Abstract:
Currently, Environment perception, 3D objects detection and the distance of objects from
the camera is one of the hot topics in computer vision and in robotics, which is widely
explored by scientists to achieve maximum accuracy of detection for autonomous vehicles.
For reliable and safe driving, it is necessary that self-driving cars can perceive the
environmental surroundings accurately. 3D object detection and their distance estimation
are a challenging task because of different angles of moving vehicles and computational
resources required to process video data. Distance estimation from the camera is used in
all autonomous vehicles and robots for safe driving.

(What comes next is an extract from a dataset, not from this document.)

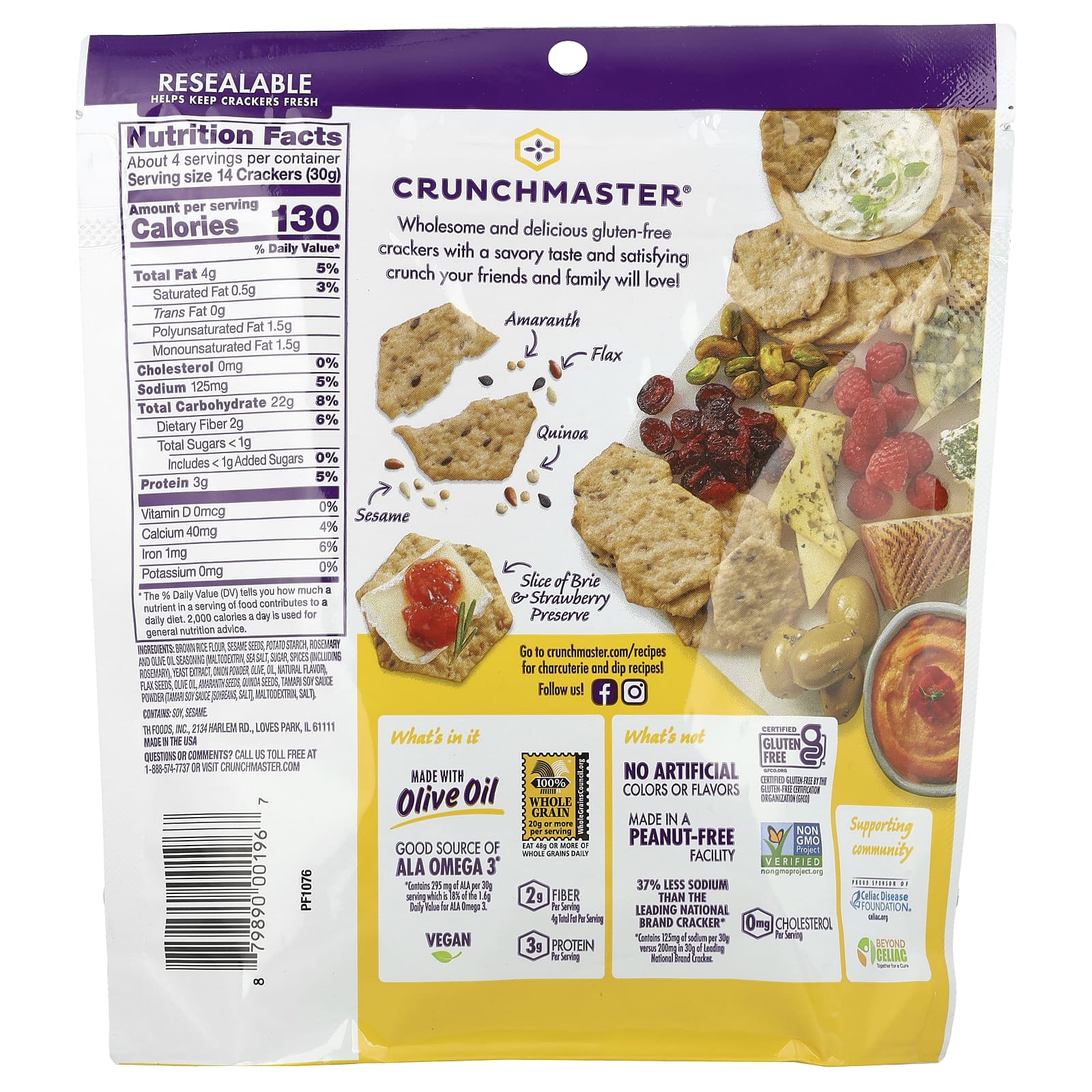 Мука из коричневого риса, семена кунжута, картофельный крахмал, розмарин и приправы из оливкового масла (мальтодекстрин, морская соль, сахар, специи (включая розмарин), экстракт дрожжей, луковый порошок, оливковый, масло, натуральный ароматизатор), семена льна, оливковое масло, семена амаранта, семена киноа, порошок из соевого соуса тамари (соевый соус тамари [соевые бобы, соль], мальтодекстрин, соль.

In this research, a two-stage deep learning architecture is proposed for 3D object detection,
their pose estimation and then the distance of objects using monocular cameras installed in
vehicles. In contrast to stoneworker methods which only regress 3D dimensions, we
propose a method in which using deep neural network we regress 2D bounding boxes,
geometric estimation and the distance from the camera and then use these estimations for
regressing accurate 3D object properties and estimate pose to construct the stable 3D
bounding box.
Our models is tested on the KITTI Dataset, which consists of images of vehicles in different
environments. The dataset contains separate repositories for training and testing purposes
(7481 and 7518 images, respectively) with main target classes (cars, pedestrians).In this
Thesis we discussed deep learning techniques for computer vision. More precisely, we are
focusing on the 3D bounding boxes and distance estimation from the scene by using only
single for autonomous vehicles and robots. In this chapter we present an introductory
approach for the problem and also present our contributions and objectives of this thesis.